IVOs: Stepping into the Breach
Courts should hold companies accountable. But accountability after the fact is not the same thing as safety going forward.
We need a system that empowers experts to determine the standard of care before a harm is committed, so that AI companies actually know what is expected of them and can be held accountable if and when they fall short. Independent Verification Organizations are designed to do exactly that: they define and enforce a heightened standard of care, through proactive verification rather than retroactive litigation.
Under the IVO framework, the government sets outcome-based objectives: goals like ensuring AI systems do not provide material encouragement of self-harm, or that platform design features do not exploit the developmental vulnerabilities of minors. Independent, expert-led organizations then develop the technical criteria and testing protocols to verify whether companies are meeting those outcomes. Companies that achieve verification earn a trusted seal of approval signaling that a heightened standard of care has been met. Critically, these criteria are continuously updated to keep pace with technological change, something no legislature, regulator, or court can do.

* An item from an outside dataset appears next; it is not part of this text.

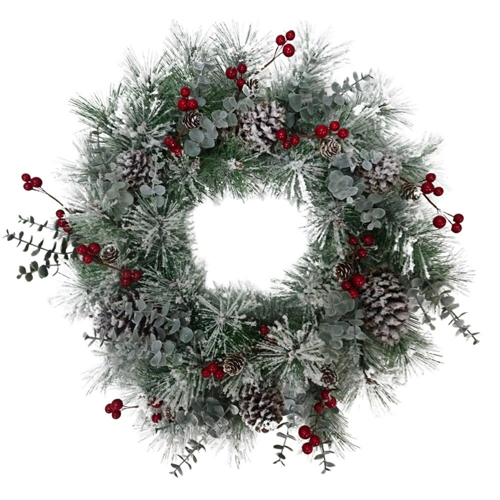 Frosted Pinecone and Berries Artificial Christmas Wreath, 24-Inch, Unlit - Green

Had an IVO framework been in place, Meta would have needed to demonstrate, through independent expert verification, that its recommendation algorithms and engagement features met specific, continuously updated criteria for minor safety before the harms at the center of this week’s cases occurred, and before any lawsuit was filed. The standard of care would not have been determined for the first time by twelve jurors in 2026, years after the fact. It would have been defined, applied, and enforced by experts in real time, with Meta’s verification status dependent on meeting it. And if the system worked correctly, Meta would have been required to make design choices that would have, hopefully, prevented the harms from ever occurring.
A Better Approach for Better Outcomes
This week’s verdicts are both a watershed and a warning. Without a proactive, expert-led system to define what reasonable care looks like, and to update that definition as the technology evolves, we will be left with a patchwork of jury verdicts that may provide emotional catharsis, a liability cost that will be baked into the sector, but far too little practical guidance that actually prevents bad societal outcomes.

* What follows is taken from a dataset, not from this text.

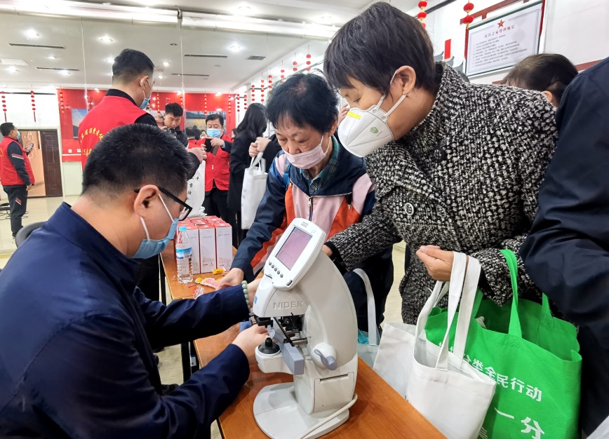 山東省計量院醫(yī)學(xué)計量研究所所長崔濤進行檢測眼鏡

Legislation to establish IVO frameworks has been introduced in several states. We are working with partners internationally to scale the model, and are building up an ecosystem of assurance providers and deployers to operate in the IVO marketplace. The appetite for a better approach from policymakers, industry, and the public is real, and growing. The question is whether we act now, before the next verdict—or whether we wait until an army of Kevin Malones accidentally brings about the next tragedy.